The sternal fixation was initiated with the administration of an average of 7-8 steel wires placed one at a time due to the risk factors causing the sternal wound. The TRNCs were then used to stabilize the sternum during the sternal revision. These were administered in two ways during the surgical procedure. In 19 patients of the group, nitinol clips were inserted without dissecting any substernal tissue in contrast to other patients (n=5). The primary operations and perioperative values are given in Table 2. A detailed sternal exploration was initially performed, and the level of sternal dehiscence, infection, and sternal fractures were observed visually. The decision regarding whether or not to perform substernal tissue dissection was made according to the degree of infection as judged by our clinical experience. Holes were cut through the, first, second, third, fourth and fifth intercostal spaces by electrocautery, and temporary loop clamps were used to keep the sternum closed until the clips were in place. In the meantime, suitable-sized TRNCs were selected, ranging from 2.25 to 4 cm. Each clip was then exposed to icy saline (below 10 ºC) to minimize its flexibility and implanted around the sternum at relevant points. Finally, the clip was heated with hot saline (above 45 ºC) so that it could return to its original shape. This practice was applied to the other intercostal distances in order. To determine the proper TRNC size for patients with segmental fractures, the fractured ribs were measured above and below the level of the costochondral joint. Afterwards, the TRNCs were placed longitudinally (Figure 2) to stabilize, the fractured region. For the patients who had their substernal tissue dissected, both hemisterna were brought together after debriding the tissue. Next, the TRNCs were placed at intercostal distances without the use of steel wires (Figure 3).

Figure 2: The fractured region was stabilized by thermoreactive nitinol clips.

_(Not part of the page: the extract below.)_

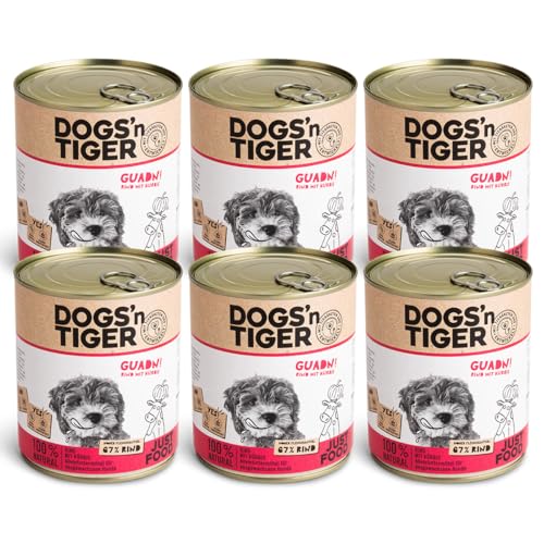 Dogs'n Tiger Lot de 6 boîtes de nourriture pour chien au guadn - Formule adaptée aux animaux - Avec 67 % de viande de bœuf, d'huile de lin et d'herbes - Sans sucre, céréales et arômes artificiels - 6

Figure 3: Thermoreactive nitinol clips were placed at intercostal distances without using sternal wires.

Results

The preoperative and intraoperative risk factors for sternal wounds are presented in Table 1. The patients underwent two surgical operations that consisted of the primary cardiac surgery and the sternal revision operation due to dehiscence. Perioperative and postoperative values are presented in Tables 2 and 3. Patients with dehiscence were operated on postoperatively for sternal revision at 13±4 days (range; 6-17 days). Three intubated patients who underwent sternal revision had been in the intensive care unit (ICU). The substernal tissues were not dissected in 19 of the 24 patients who had TRNCs, and the rest of the patients (n=5) underwent debridement due to the risk of deep sternal wound infection (DSWI). When the patients were examined clinically, the following results were found: eight (33.3%) were observed to have sternal surgical wound infection (SSWI), one (4.1%) had DSWI, five (20.83%) had a positive blood culture [Staphylococcus Epidermidis (S. epidermis)] in three patients, methicillin-resistant S. aureus (MRSA) in one, and S. aureus i n a nother), 1 0 ( 41.6%) h ad high C-reactive protein (CRP) levels (>3.0 mg/L), and 16 (66.6%) displayed elevated leucocyte levels (>10.0x109/L). The VAC system was utilized for the treatment of DSWI in one patient before sternal closure. Additionally, no mediastinitis or mortalities were observed (Table 3). A segmental fracture of the sternum was seen in six patients (25%) at the beginning of the revision. During this procedure, one patient who underwent substernal dissection developed a right atrial injury due to the adhesion of the giant atrium to the sternum. However, no complications (e.g., example sternal base, dehiscence, mediastinitis, or osteomyelitis) were observed in any of the patients at the six-month follow-up. The operation time was 43±7 minutes (range, 35-60 min.), and the extubation time was 85±57 minutes (range 24-117 min.). Furthermore, the duration of stay in the ICU was 4±2 days (range 1-7 days), and the length of hospital stay was 14±6 days (range 7-29 days) (Table 3). The most common problem encountered in the postoperative ICU was respiratory failure. This prolonged the ICU stay, but the issue was resolved by inhaled bronchodilator treatment and physical therapy.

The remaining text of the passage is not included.